IX. Карлскруна

Суббота, 2 апреля

В Карлскруне настал вечер, и опять, как и накануне, луна налилась полным светом еще до того, как окончательно стемнело. Все было тихо и спокойно, хотя опять целый день шел дождь и дул штормовой ветер. Люди, наверное, решили, что это надолго, и попрятались в дома. На улицах тихо и пусто.

Как раз в этот час к городу подлетела стая Акки с Кебнекайсе – Акка искала место для ночлега в архипелаге. На суше они оставаться не могли – их неотступно преследовал лис Смирре.

Мальчик, как всегда, летел на Белом и смотрел на открывшийся внизу архипелаг. Небо над ними уже не голубело, как днем, оно изменило цвет и стало похожим на огромный купол бледно-зеленого стекла. Море тоже перекрасилось – стало молочно-белым и будто светилось изнутри, а по нему медленно катились белые волны с ажурной серебряной опушкой. Только у горизонта, там, где только что исчезло солнце, на воде догорала глянцевая, четко очерченная золотая полоса. Бесчисленные острова казались черными. Неважно, большие или маленькие, покрытые лугами или скалистые, они совершенно одинаково чернели на фоне моря. Даже дома, церкви и мельницы, которые он привык видеть белыми или красными, высились черными силуэтами на фоне холодного бирюзового неба. Ему показалось, что, пока они летели, землю подменили. И если они сейчас приземлятся, перед ними откроется совершенно иной мир.

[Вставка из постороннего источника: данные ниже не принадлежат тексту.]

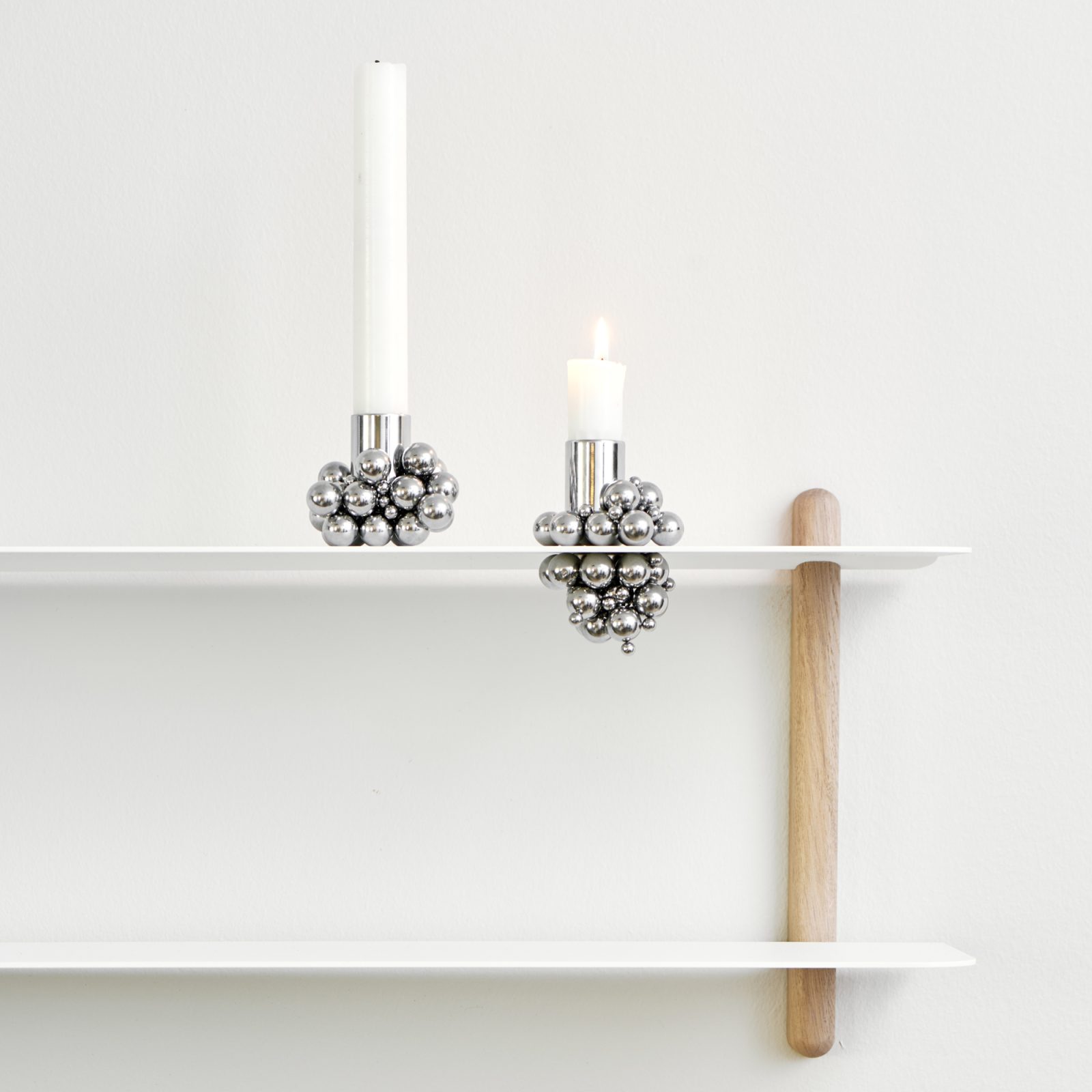 Display books, vases with flowers, artworks and decorative objects in style with the Nivo shelving system from Gejst. Created by Berlin-based design firm Böttcher & Kayser, this shelving unit offers an elegant solution to organize things and keep a room clutter-free. The minimalist design pairs rounded wood supports with thin metal shelves. The timber poles have cuts that hold the shelves in place without any visible screws. Crafted from steel and solid wood, the Nivo shelving system comes in either oak or ash, with black or natural finishes and with black or white shelves. The design also comes in a wide range of sizes, to suit any room and need.
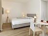 Confort C (bilo4): Apartmán pro čtyři osoby (35 m 2) - obývací pokoj s kuchyňským koutem a rozkládací pohovkou, ložnice, koupelna, mikrovlnná trouba, kávovar, lednice, myčka nádobí, pračka, klimatizace, Wi-Fi připojení, TV a trezor.
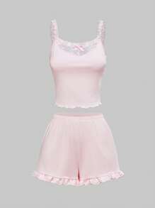 Kawaii Set di pigiama casual con cuori, maglia semplice, pizzi, rifiniture arricciate, inserti in rete a forma di cuore
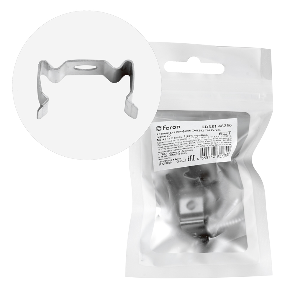 Крепеж для профиля FERON LD381 «круглый узкий», цвет серебро, 16*8*9мм
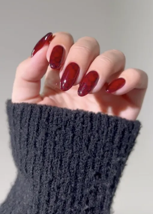 TikTok блогеры предлагают выполнять «вампирский» маникюр на длинных ногтях формы миндаль или овал, однако более подходящей для повседневной носки нам кажется форма мягкий квадрат. На коротких ногтях такой яркий маникюр будет смотреться более сдержано, да и в повседневной жизни вам будет с ними куда комфортнее, чем с длинными. Впрочем, если вы планируете отправиться на вечеринку в честь Хеллоуина, можете повторить дизайн из TikTok. Такой маникюр точно станет эффектным дополнением к любому готическому образу.

Он как раз уговаривал себя, что в эту ночь должен обязательно победить страхи, но тут, как назло, увидел нечто и в самом деле пугающее. Стая летела над островом, состоящим целиком из высоких, квадратных скал, а между скалами сверкали золотые украшения – цепочки, кольца и медальоны! Он сразу вспомнил скалу Магле, которую тролли, живущие в поселке Тролль-Юнгбю, время от времени поднимали к небу на высоченных золотых подпорках.

Но ладно бы еще золото в скалах. Мальчугана по-настоящему испугало другое. Вода у берегов кишела всякими чудищами. Киты, акулы, еще какие-то неизвестные сказочные звери. Он сразу понял, что это никакие не киты и подавно не акулы. Остров осадили морские тролли, они собрались биться с сухопутными троллями, облюбовавшими этот странный клочок земли. И сухопутные понимали, что их ничего хорошего не ждет, – мальчик разглядел на вершине самой высокой скалы гигантского тролля, который стоял с поднятыми в отчаянном жесте руками. Тролль явно оплакивал свою судьбу, судьбу родного острова и его обитателей.

Мальчику тоже стало страшно, но когда он понял, что Акка выбрала место именно на этом проклятом острове, страх перешел в ужас.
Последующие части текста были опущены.